Matrix: Reliable Framework for Data-Centric Experimentation at Scale | Ray Summit 2025

Good afternoon everybody. I am super excited to talk to you about the work we've been doing over at Meta uh for the last year or so on building this framework for datacentric experimentation.

Um the system is called Matrix.

It's powered by Ray and uh it has been used to power some of our AI model training.

um and and excited to talk about it. My name is Rama Ragwendra and I drive um our data effort at fair um the fundamental AI research lab at Meta.

For those of you that might not be familiar, this is the research lab in the AI or we work on um essentially powering the next generation of research models.

And uh I will let me get a quick agenda of what we are going to cover today.
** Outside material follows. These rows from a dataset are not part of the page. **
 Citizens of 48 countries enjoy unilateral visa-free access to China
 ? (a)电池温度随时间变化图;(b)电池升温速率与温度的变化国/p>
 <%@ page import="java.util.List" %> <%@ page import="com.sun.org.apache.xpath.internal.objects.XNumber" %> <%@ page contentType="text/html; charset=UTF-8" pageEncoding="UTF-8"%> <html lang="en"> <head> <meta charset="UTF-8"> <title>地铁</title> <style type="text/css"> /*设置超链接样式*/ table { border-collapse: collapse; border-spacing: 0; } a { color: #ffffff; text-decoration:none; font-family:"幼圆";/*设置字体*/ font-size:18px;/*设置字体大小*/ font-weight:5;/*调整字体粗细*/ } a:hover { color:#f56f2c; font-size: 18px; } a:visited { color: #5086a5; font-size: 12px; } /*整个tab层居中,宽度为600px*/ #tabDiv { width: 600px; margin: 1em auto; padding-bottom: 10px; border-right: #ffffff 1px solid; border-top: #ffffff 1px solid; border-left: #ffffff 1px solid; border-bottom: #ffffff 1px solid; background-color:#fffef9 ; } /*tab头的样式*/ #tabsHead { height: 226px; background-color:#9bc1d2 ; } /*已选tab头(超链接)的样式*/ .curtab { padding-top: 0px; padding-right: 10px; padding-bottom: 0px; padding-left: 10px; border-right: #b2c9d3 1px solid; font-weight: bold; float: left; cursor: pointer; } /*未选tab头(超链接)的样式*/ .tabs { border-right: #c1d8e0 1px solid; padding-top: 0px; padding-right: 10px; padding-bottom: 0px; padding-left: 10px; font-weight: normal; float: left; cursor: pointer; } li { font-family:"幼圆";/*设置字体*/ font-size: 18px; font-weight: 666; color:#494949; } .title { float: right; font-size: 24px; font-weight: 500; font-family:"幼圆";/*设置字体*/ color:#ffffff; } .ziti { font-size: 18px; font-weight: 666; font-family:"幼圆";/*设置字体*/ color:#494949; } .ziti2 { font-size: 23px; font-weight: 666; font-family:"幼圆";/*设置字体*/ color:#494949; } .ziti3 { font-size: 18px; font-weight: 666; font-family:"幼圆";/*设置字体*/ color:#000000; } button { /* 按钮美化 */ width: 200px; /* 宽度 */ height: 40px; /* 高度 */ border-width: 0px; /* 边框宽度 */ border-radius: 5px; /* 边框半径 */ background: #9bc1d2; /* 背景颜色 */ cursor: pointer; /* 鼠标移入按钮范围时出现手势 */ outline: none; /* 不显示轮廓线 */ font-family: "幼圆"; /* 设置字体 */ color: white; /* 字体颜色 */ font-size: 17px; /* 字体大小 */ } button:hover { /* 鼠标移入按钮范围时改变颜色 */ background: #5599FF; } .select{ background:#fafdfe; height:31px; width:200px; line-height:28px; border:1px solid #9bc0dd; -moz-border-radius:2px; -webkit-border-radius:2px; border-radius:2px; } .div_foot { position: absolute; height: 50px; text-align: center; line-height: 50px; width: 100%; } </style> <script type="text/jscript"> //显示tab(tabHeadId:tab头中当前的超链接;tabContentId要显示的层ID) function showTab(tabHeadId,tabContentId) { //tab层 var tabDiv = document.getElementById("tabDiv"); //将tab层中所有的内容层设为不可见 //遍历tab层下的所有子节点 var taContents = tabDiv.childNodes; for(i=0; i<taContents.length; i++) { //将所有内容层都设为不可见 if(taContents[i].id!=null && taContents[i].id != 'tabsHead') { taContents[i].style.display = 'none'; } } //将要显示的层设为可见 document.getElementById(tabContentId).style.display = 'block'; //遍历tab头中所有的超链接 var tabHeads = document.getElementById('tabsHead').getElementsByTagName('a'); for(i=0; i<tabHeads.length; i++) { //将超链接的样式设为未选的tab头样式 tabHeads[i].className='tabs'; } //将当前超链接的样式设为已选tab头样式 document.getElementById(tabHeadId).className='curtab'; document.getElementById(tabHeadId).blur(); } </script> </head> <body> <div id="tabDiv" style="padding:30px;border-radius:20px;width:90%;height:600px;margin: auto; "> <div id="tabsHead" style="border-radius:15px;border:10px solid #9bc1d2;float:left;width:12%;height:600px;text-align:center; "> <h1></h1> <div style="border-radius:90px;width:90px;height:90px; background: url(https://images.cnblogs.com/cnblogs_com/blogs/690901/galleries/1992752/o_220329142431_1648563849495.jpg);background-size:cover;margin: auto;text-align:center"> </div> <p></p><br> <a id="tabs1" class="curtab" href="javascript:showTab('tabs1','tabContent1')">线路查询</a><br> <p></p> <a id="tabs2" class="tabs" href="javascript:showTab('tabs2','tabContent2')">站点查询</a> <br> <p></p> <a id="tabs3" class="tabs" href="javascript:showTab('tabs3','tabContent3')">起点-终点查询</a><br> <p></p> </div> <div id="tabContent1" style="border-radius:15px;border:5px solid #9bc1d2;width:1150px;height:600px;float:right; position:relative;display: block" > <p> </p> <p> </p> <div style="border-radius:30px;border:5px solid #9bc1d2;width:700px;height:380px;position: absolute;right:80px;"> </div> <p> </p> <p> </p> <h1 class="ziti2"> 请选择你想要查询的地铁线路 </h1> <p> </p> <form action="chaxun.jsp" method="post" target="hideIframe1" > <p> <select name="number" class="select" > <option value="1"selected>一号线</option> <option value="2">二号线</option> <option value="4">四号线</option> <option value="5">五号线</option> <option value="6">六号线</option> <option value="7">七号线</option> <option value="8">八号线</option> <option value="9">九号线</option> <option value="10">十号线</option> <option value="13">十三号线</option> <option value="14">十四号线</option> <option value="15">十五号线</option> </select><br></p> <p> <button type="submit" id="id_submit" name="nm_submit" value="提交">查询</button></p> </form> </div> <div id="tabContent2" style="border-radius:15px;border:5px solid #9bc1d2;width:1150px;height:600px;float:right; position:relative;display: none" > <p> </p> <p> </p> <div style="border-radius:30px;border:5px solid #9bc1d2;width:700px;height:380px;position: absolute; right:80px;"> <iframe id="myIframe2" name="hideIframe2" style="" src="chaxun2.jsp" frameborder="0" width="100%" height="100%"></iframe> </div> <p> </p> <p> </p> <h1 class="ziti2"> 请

I will start with uh just giving you a background and motivation on how this started. what has been our journey of datacentric research at uh fair at Meta and our ENG lead Dong who will talk about um the system we've been building matrix uh give some examples of how how to use the API some of the features uh that that it covers as well as some downstream model training uh that has been done to build some AI capabilities such as multi-agent collaboration and reasoning and other such um AI capabilities please.

So to get started um with some background so you know as we all know AI models have been demonstrating jaw-dropping capabilities over the last few years but let's remember these models are only as good as the data that they consume.

Now this figure here sort of summarizes the journey of AI training data over the last fiveish years and you can if there's one well two things you want to remember from this talk I'll summarize two key takeaways. First is that on the left side of the graph you will see an exponential rise.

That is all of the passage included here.